**What you have to do**
Pictures are to be left out; otherwise, copy exactly the lines from the line containing "Les Bernard Inc." through the end of the data.

[[ Stored data open ]]

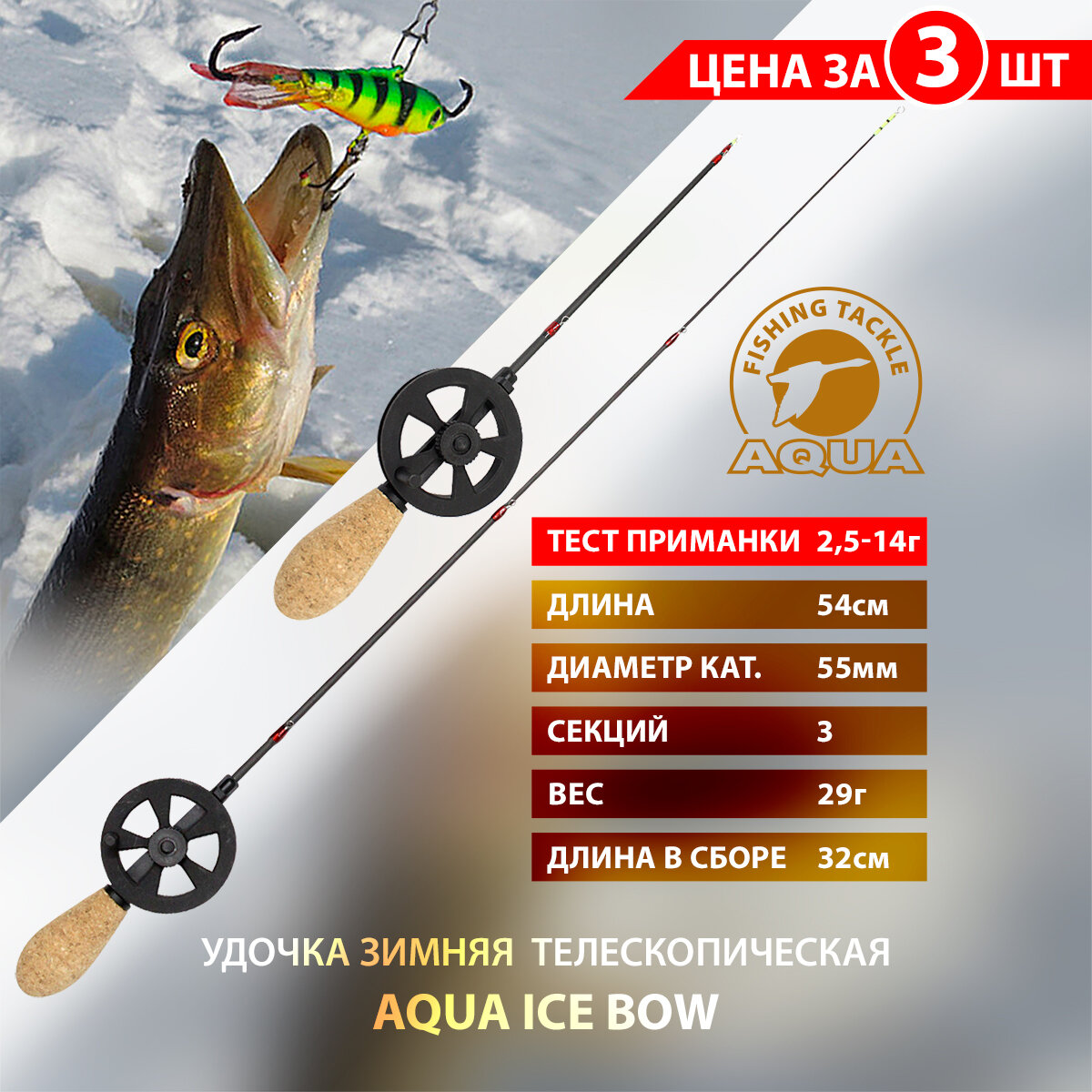 Купить Зимняя удочка AQUA Ice Bow с катушкой, телескопическая, длина 54 см, вес 29 гр, 3 штуки
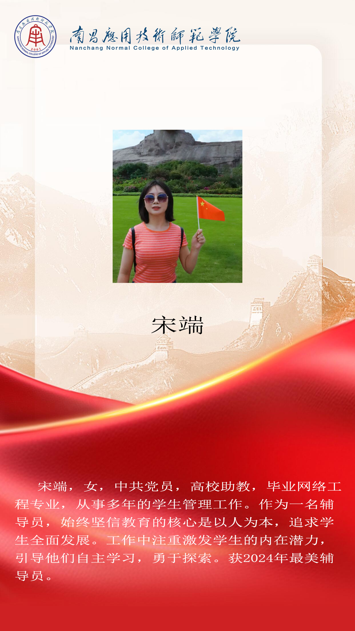 先进典型 优秀毕业生 优秀学生风采 优秀教职工 您现在的位置是:首页 > 先进典型 > 优秀教职工 宋端 最美辅导员 管理员2025-06-16610 上一篇 龙少帅 先进工作者 下一篇 张扬 工程技术系主任
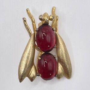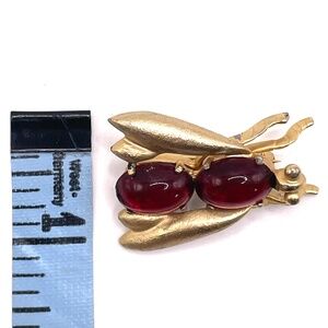Les Bernard Inc. Vintage Gold Tone Red Cabochon Fly Pin Brooch 60's
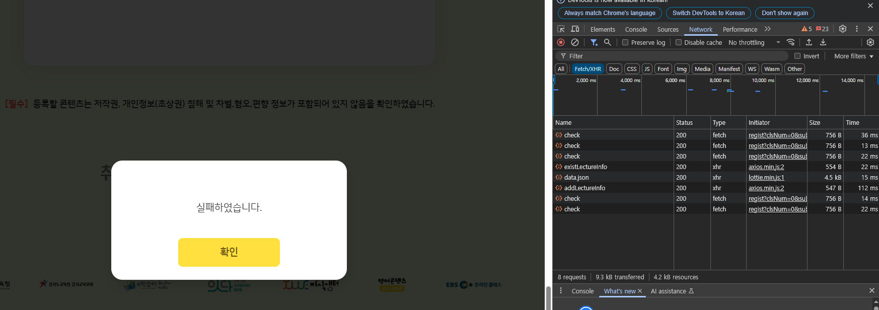 직접 업로드는 정상 업로드 되는데 AI 추천 영상, 외부링크, 영상 콘텐츠 조회 통해서 등록한 영상이 "실패하였습니다." 팝업 노출됨 |

[[ Stored data closed ]]

**Result for this exercise**
Les Bernard Inc. Vintage Gold Tone Red Cabochon Fly Pin Brooch 60's
 직접 업로드는 정상 업로드 되는데 AI 추천 영상, 외부링크, 영상 콘텐츠 조회 통해서 등록한 영상이 "실패하였습니다." 팝업 노출됨 |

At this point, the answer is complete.